MATERIAL FOR THIS TASK START
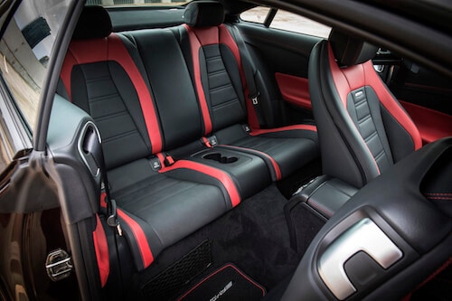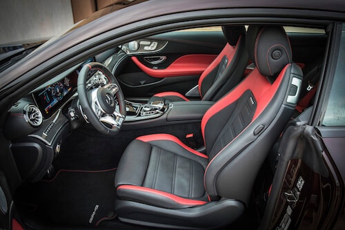 The Burmeister sound system is spectacular, and the speakers in the door are a work of art. The E53 has good headroom, especially in the front seat. Mercedes makes it easy to get into the back seat with power sliding front seats, and there is good legroom, especially for a coupe. The trunk is more than ample.
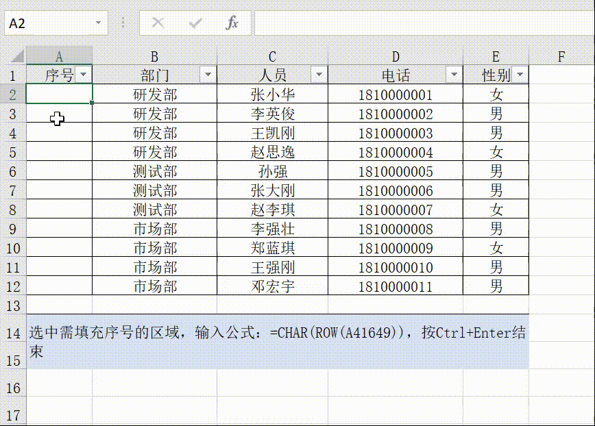 选中需填充序号的区域,输入公式:=CHAR(ROW(A41649)),按Ctrl+Enter结束
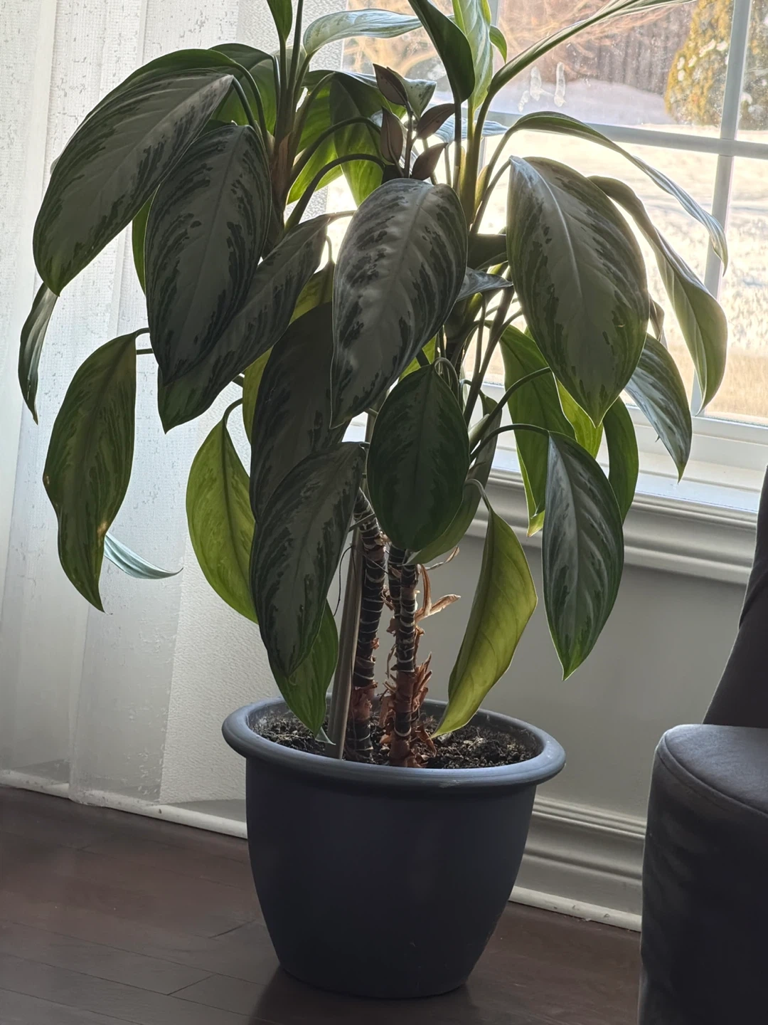 This is a healthy Aglaonema plant in a dark grey pot. It features lush green leaves with distinctive silver markings. The plant is well-established and ready for a new home.
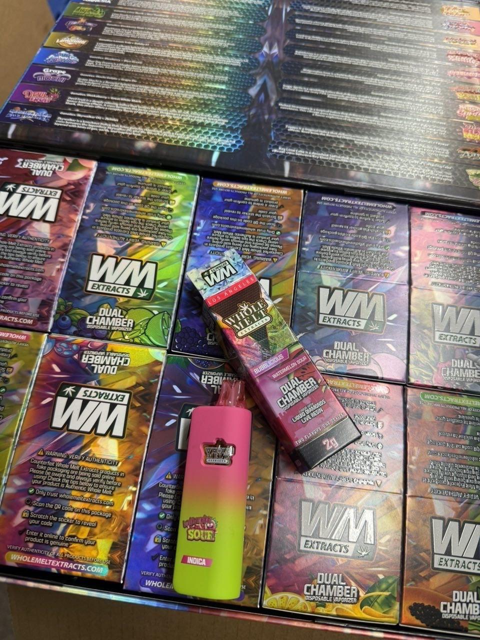 Whole Melts Watermelon Sour Dual Chamber Disposable is an innovative cannabis vape device designed to deliver a unique and dynamic vaping experience by combining two distinct cannabis oil formulations in a single, convenient disposable unit. This dual chamber technology allows users to enjoy the complementary effects and flavors of two different cannabis extracts simultaneously or separately, enhancing both the sensory and therapeutic experience. Inspired by the vibrant and tangy flavor of watermelon sour candy, this disposable vape offers a refreshing, sweet, and slightly tart profile that appeals to cannabis consumers who appreciate bold, fruity flavors with a sour twist.
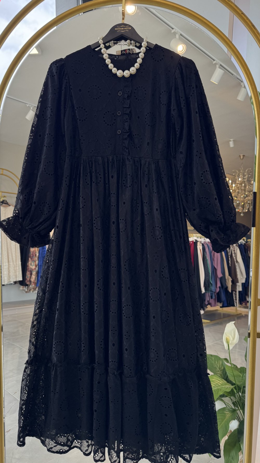 Tül geçişli dantel kumaştır komple astarlıdır rahat kalıptır
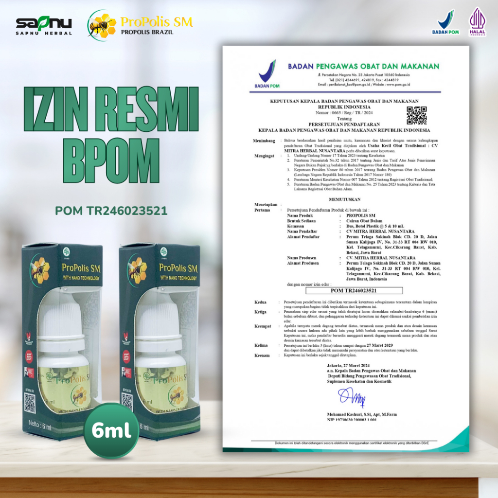 Propolis SM Brazil Asli 100% Original Dari Ekstrak Propolis Brazilian With Nano Technology - Obat Herbal Propolis SM Brazil Isi 6 ML Multikhasiat - Obat Tetes Herbal Multikhasiat
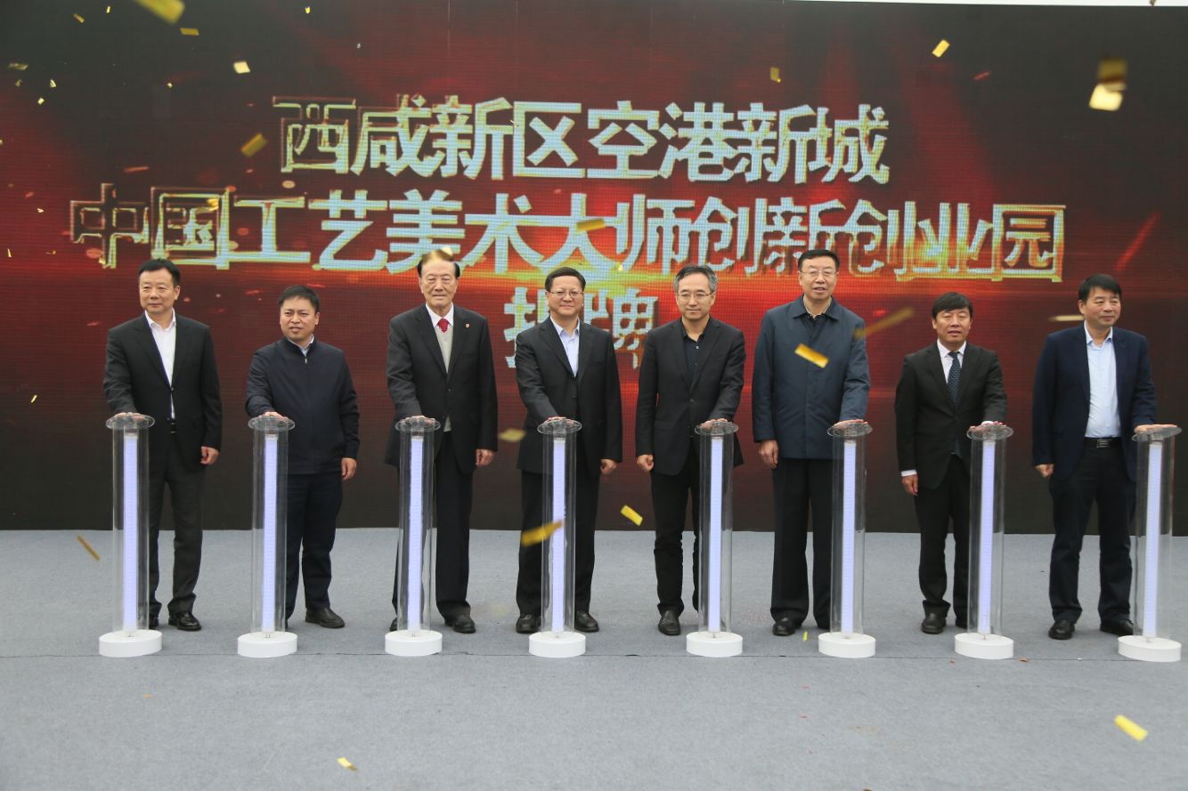 上午10点整,揭牌仪式在空港新城省级非遗项目秦汉战鼓的演出中正式开始。陕西省委宣传部副部长李彬,西咸新区党工委副书记、管委会主任康军,咸阳市政协主席贺书田,原全国人大常委会委员、国家轻工业部副部长陈士能,陕西省文化和旅游厅副厅长陈梦榆,西安市委宣传部副部长廉宏伟,西安市文化和旅游局副局长马立军,西咸新区党工委委员、空港新城党委书记、管委会主任贺键,共同为中国工艺美术大师文化创新创业园揭牌。
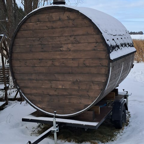 Nyt olisi vuokralle sympaattisen tynnyrisaunan lempeitä löylyjä tarjolla.
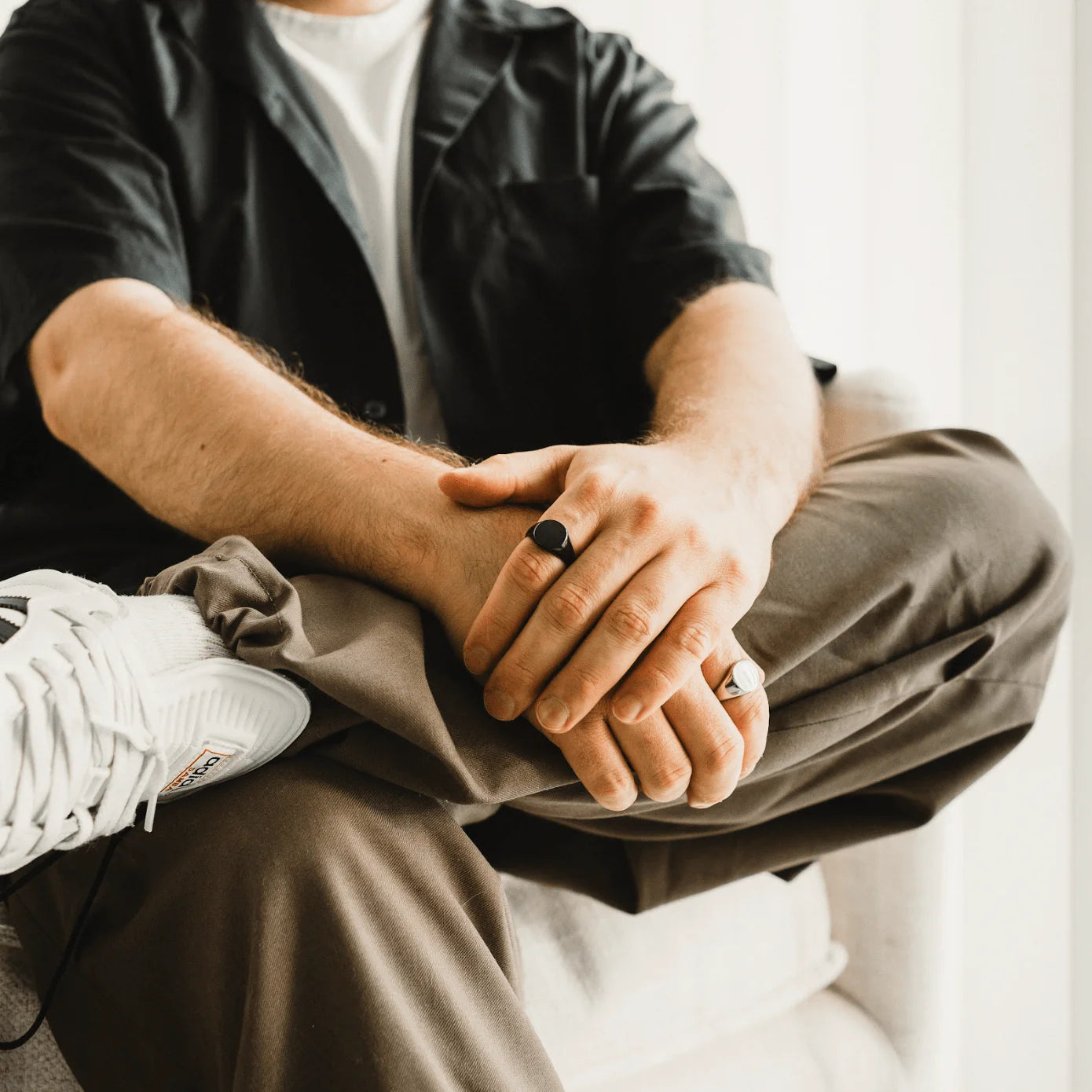 A classic round signet ring is the white tee for a man's wardrobe. Coming to a smooth elevated flat top, this ring is a must-have whether it's standing alone or pairing with others.
MATERIAL FOR THIS TASK END
## [TRY IT]
Pictures are to be dropped; the lines from the start of the entries above through the line with "选中需填充序号的区域,输入公" are to be given again verbatim.

## [COMPLETED TASK]
 The Burmeister sound system is spectacular, and the speakers in the door are a work of art. The E53 has good headroom, especially in the front seat. Mercedes makes it easy to get into the back seat with power sliding front seats, and there is good legroom, especially for a coupe. The trunk is more than ample.
 选中需填充序号的区域,输入公式:=CHAR(ROW(A41649)),按Ctrl+Enter结束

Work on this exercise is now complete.